Текущая страница: 109 (всего у книги 128 страниц)
57
Как было условлено накануне, 6 февраля за большим ливадийским столом речь пошла о международной организации безопасности. Но разговор не набрал необходимого разбега. Советский премьер сказал, что ему трудно на слух воспринять существо документа, который доложил конференции Стеттиниус, – доклад американца о Думбартон-Оксе венчал документ, излагающий принципы голосования. Замечание русского было резонно. Беглого знакомства с документом было тоже недостаточно, требовалось именно изучение. Хозяева дали понять, что хотели бы продолжить разговор по этому вопросу на следующий день.
Черчилль взглянул на запястье левой руки, сощурился. Видно, глаза застлало стариковской слезой. Британский премьер отвел подальше руку с часами. Циферблат обрел резкость – сегодняшнее заседание продлилось всего час сорок минут. Да не высвободили русские это заседание для обмена мнениями по иному вопросу, например польскому? Может быть, есть смысл осторожно сказать об этом? Черчилль шевельнул кистью руки, прося слова. Русские не возражают, да, и американцы согласны: польский вопрос. Кто же начнет?
Совершенно очевидно, русские высвободили время для разговора по польским делам, но этот разговор пока начинать Черчилль и не собирается. Когда впереди значительная дистанция, может быть, предпочтительнее пропустить соперников вперед.

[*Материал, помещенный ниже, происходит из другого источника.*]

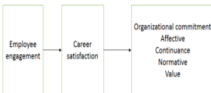
Figure 1: Conceptual framework of the model

This study suggests that based on the logic underlying the social exchange theory and based on the trends of the empirical review in relation to the variables considered in this research, employee engagement positively impact organizational commitment. Also, career satisfaction will play a mediation role in the relationship between employee engagement and organizational commitment.
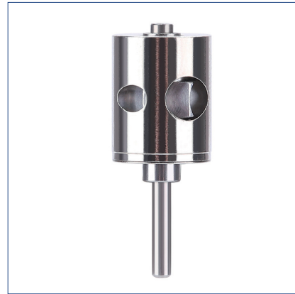
Push Button Standard Turbine Cartridge For PANA AIR Standard Handpiece
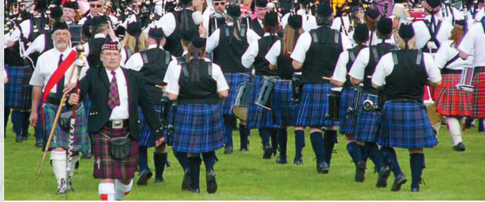
The Highland Competition is made possible by a gift from Joel Zielke
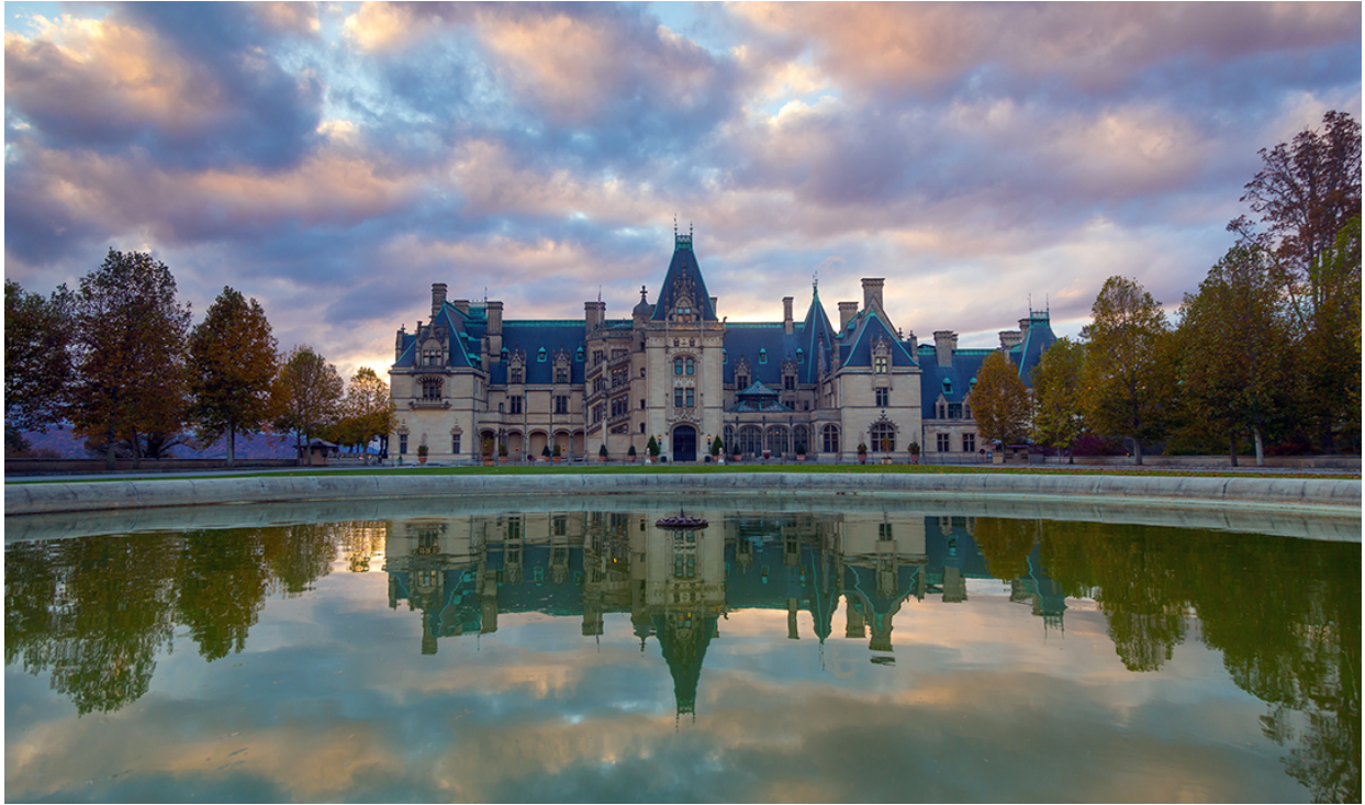
The Famous Biltmore Estate, America's Largest Home (admission fee)
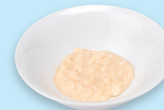
Homemade custard or rice pudding made with 200ml of milk

Servings can be split during the day between a meal and a snack. 1 serving can combine two foods or drinks. For example, 1 serving could be 100ml of milk with 1 small pot fromage frais or 1 thumb of cheese.
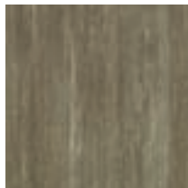
VENA KONYA 12364 - 18" x 18" 12365 - 18" x 36"
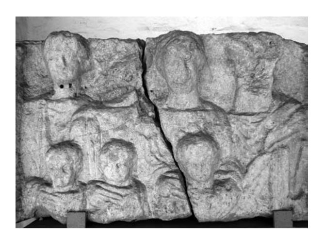
Fig. 5. Gravestone of a large family in Aquincum, early 3^{rd} c.

Even families who were not indigenous to the area adopted the custom of displaying an extended family with more than one child, making use of local sculptors who were adept at carving such scenes. Syrian troops of the cohors miliaria Hemesenorum stationed at Intercisa from the late 2<sup>nd</sup> – mid-3<sup>rd</sup> c. belong to those incoming groups who adopted indigenous Danubian commemorative formulae in format and content (Fitz 1972; Mócsy 1974, 227-230). This unit did not recruit locally, but was replenished repeatedly with troops from the province in which it was raised, almost certainly because these soldiers were archers not readily available elsewhere (Cheesman 1914). Germanius Valens, a soldier in
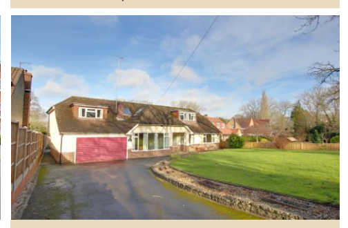
Uplands Road, Denmead £950,000 – 4 Bedrooms
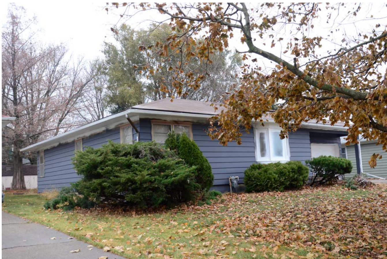
Photograph 92-00741-001 - House, looking northeast (December 2014)
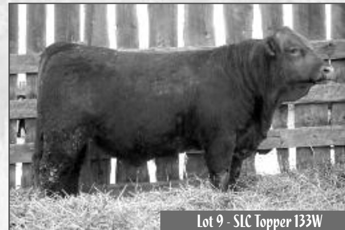
Lot 9 - SLC Topper 133W
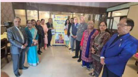
Flag Exchange with Rotary Club Wyndham
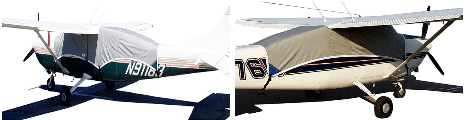
Cessna 207 Canopy Cover

This cover type is made from Silver Acrylic Sunbrella canvas and is 100% lined with a soft and smooth microfiber. Bruce's Custom Covers developed this material combination especially for aircraft protection. The outer material is medium weight and treated for water resistance, UV resistance and anti-static buildup. The inner lining is a very soft and smooth microfiber to prevent scratching. The material is very reflective, and tests show that the cabin interior temperature can be reduced to near-ambient temperature on the hottest of days. It is water, ice and snow repellent, yet breathable to allow moisture to escape from between the cover and the aircraft surface.
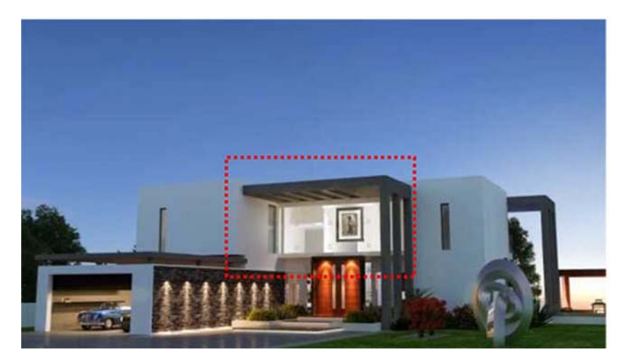
Figure 6. Sample of the K1 (http://mehmeteminogluinvestment.com/bella-proje.html, 2018).

Two types of such problems were identified: opacity and brightness (luminosity) (K1). During the research, they were studied together because of their similarity. The representative sample for K-type problems was the K1 type.
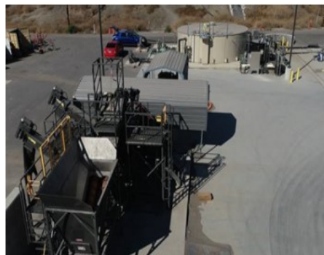
Food Waste Receiving In-Vessel Digester
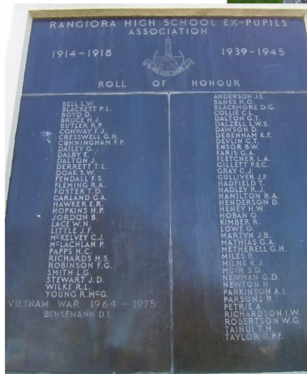
Rangiora High School Memorial
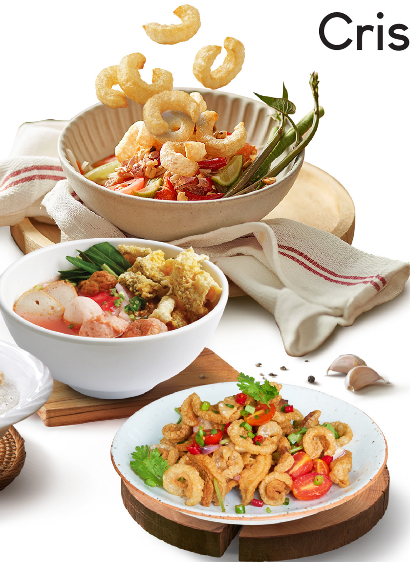
Crispy Pork Rinds SOR KHONKAEN
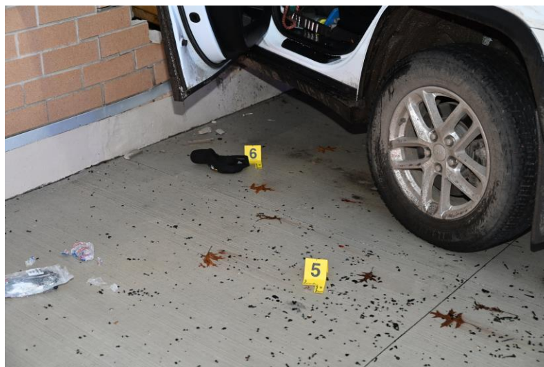
Fig. 8: A fired projectile jacket and black ballcap located near the rear left tire of the subject vehicle. View is facing Southeast.

The subject vehicle was photographed as it was found. A fired projectile jacket (item 5) and a black ballcap (item 6) were found on the ground on the left side of the vehicle. A ballistic impact was observed on the rear windshield trim (BI 1.0), and the rear windshield glass had fallen from the frame. S/A Hootman placed a trajectory rod in BI 1.0, and additional BLK360 scans were completed.
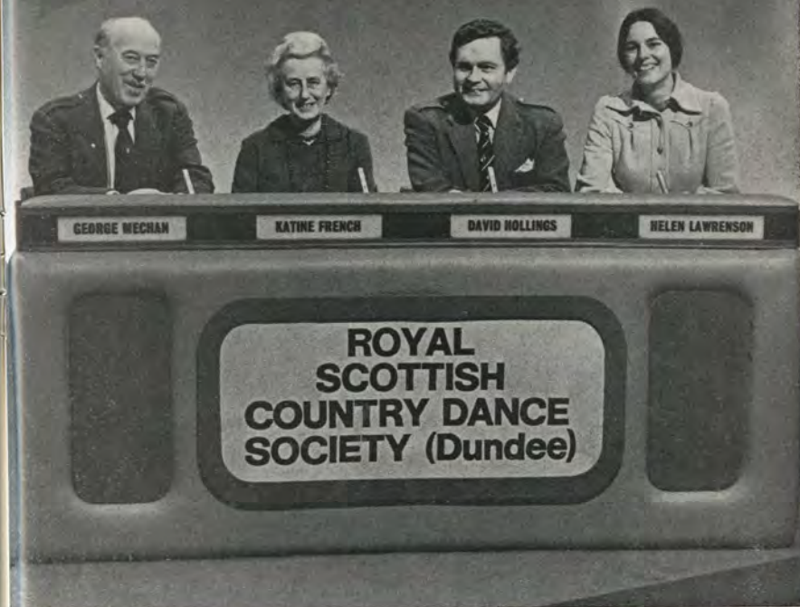
Dundee Branch "Top Club Quiz" Team

The two dances held during the year were most successful. The Branch look forward to even more activity in 1983-84.
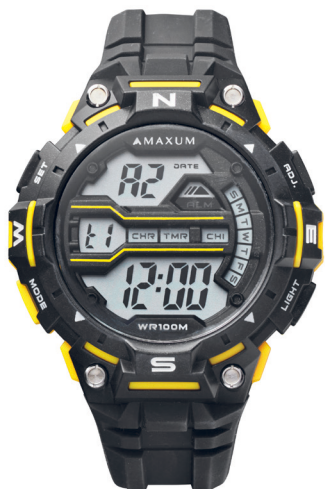
PIONEER - $99 X2221G1
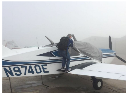
Bellanca Viking Travel Cover
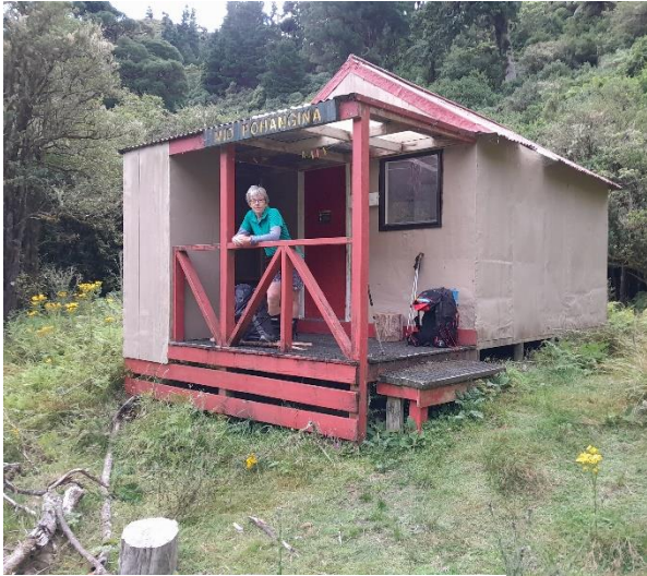
Before the makeover
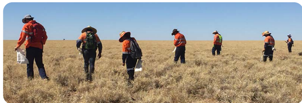
Above: Cultural Heritage survey activities along the NGP being undertaken by Traditional Owners.

Но это правило известно и русским. Наступила пауза, каждый из делегатов был занят своим нехитрым делом, полагая, что важнее этого дела нет ничего на свете. Черчилль достал спасительную сигару, однако, взяв ее в рот, забыл зажечь, принявшись не без видимого аппетита разжевывать, – вот и пренебреги сигарой, если она приходит тебе на помощь в самую трудную минуту! Американский президент извлек из кармана пиджака томик с серебряным тиснением – Лонгфелло или, быть может, Уитмен? Впрочем, томик отстранен с энергией, которую рука президента до сих пор не обнаруживала, он дает понять, что хотел бы говорить.
Смысл короткой речи президента: его страна находится далеко от Польши и уже по этой причине не он должен открывать дискуссию. Правда, в его стране проживает пять-шесть миллионов человек, выходцев из Польши. Они с пониманием отнеслись к тому, что Рузвельт говорил в Тегеране. Он, Рузвельт, как известно, за линию Керзона. Но, скажем, лондонские поляки всегда обеспокоены тем, чтобы сохранить свое лицо… Он, Рузвельт, приемлет линию Керзона, но, быть может, есть возможности пойти навстречу полякам, если говорить о южном участке этой линии. Как полагают американцы, люблинское правительство представляет лишь часть польского народа, небольшую. Президент видит решение проблемы в создании правительства национального единства. Очевидно, должен быть создан президентский совет, а этот совет сформирует временное правительство.
– Мы надеемся, что Польша будет в самых дружественных отношениях с Советским Союзом, – закончил президент.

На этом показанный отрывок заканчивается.